The most conceptually intriguing aspect of Open Letters is the way it uses Web technology to resurrect the very form it is often accused of destroying: letter writing. Toronto writer Lynn Crosbie contributed one letter to the site about her crush on Maple Leafs goalie Curtis Joseph, and is working on another about Kurt Cobain and Courtney Love. As a writer who favours the epistolary form (her novel Paul's Case consists of a series of 52 letters), Crosbie said Open Letters gives her some hope that the antiquated practice of intimate letter writing hasn't died out completely. "I like it that an electronic source is reviving the practice," she wrote in an e-mail interview.
But why, one might understandably ask, would a busy person be regularly tempted to read personal letters written by people they've likely never heard of, living in places like Tampa and Winnipeg? According to Tough, for the stories. Take OL's popular ongoing series of letters from an anonymous Winnipeg correspondent known only as "X". A single mother of a teenage boy, X addresses all of her letters to the father of her son, a mysterious guy named Mike, whom she hasn't seen or heard from in a decade. Her letters relate the day-to-day life of her son, a sweetly typical adolescent boy known only as "O".
There is something addictive about this string of simply written reports about the author's son's new ball cap and his obsession with basketball. At its best, as with X's correspondence, Open Letters draws the reader back again and again -- through narrative, but more importantly, through the intimate authenticity of the letter writer's voice. X's letters have received a gush of e-mail response, a success that Tough is hesitant to take much credit for. "People are really struck by [X's letters] I think because she's writing empathetically. She's taken to this form in a way that's pretty rare. That conversational voice comes very easily to her."
While Tough does most of the day-to-day editing work on the site himself, he relies on a team of secondary editors (Brown is one) from all over North America. And while most of the letters that have been published so far have come from writers Tough or his editors are already familiar with, a few were selected from the electronic slush pile. Unlike most on-line publications, Open Letters accepts and actively encourages unsolicited e-mail submissions. Tough gets 10-15 submissions via e-mail each week.
As with most literary start-up projects, the financial reality for Open Letters looks dicey. To date, Tough has poured something less than $10,000 of his own money into the site and says he's currently talking to investors. His editors are all volunteers, with the exception of a technical editor who is paid, in Tough's words "an insufficient amount." Contributors receive a tiny honorarium of $20 in return for each published letter -- less than most literary journals pay.
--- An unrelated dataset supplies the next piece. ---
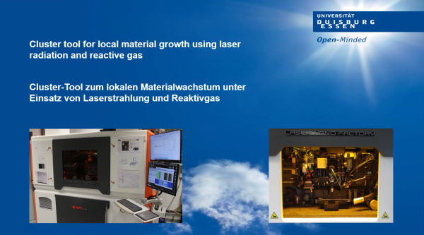 Cluster tool for local material growth using laser radiation and reactive gas

But Tough has a plan to make money, or at least to break even. Once the site has been up and running for awhile, he intends to charge $20 (U.S.) for a year's subscription. If he can get 10,000 paid subscribers, that's $200,000 a year. Enough, he figures, to pay himself, run the site and pay his writers a decent sum. Will 10,000 people pay twenty bucks a year to read letters -- even well written, carefully selected ones -- in a weekly digital magazine they can download from e-mail? Tough is betting on it.
For the time being, at least, he's happy to fly solo with his project, even if it's despite the odds. "Before this I'd been connected to two institutions that are both more than 100 years old, which has its advantages," he said, referring to Harpers and Saturday Night. "But with a start-up there is the excitement of watching whether we stumble or soar."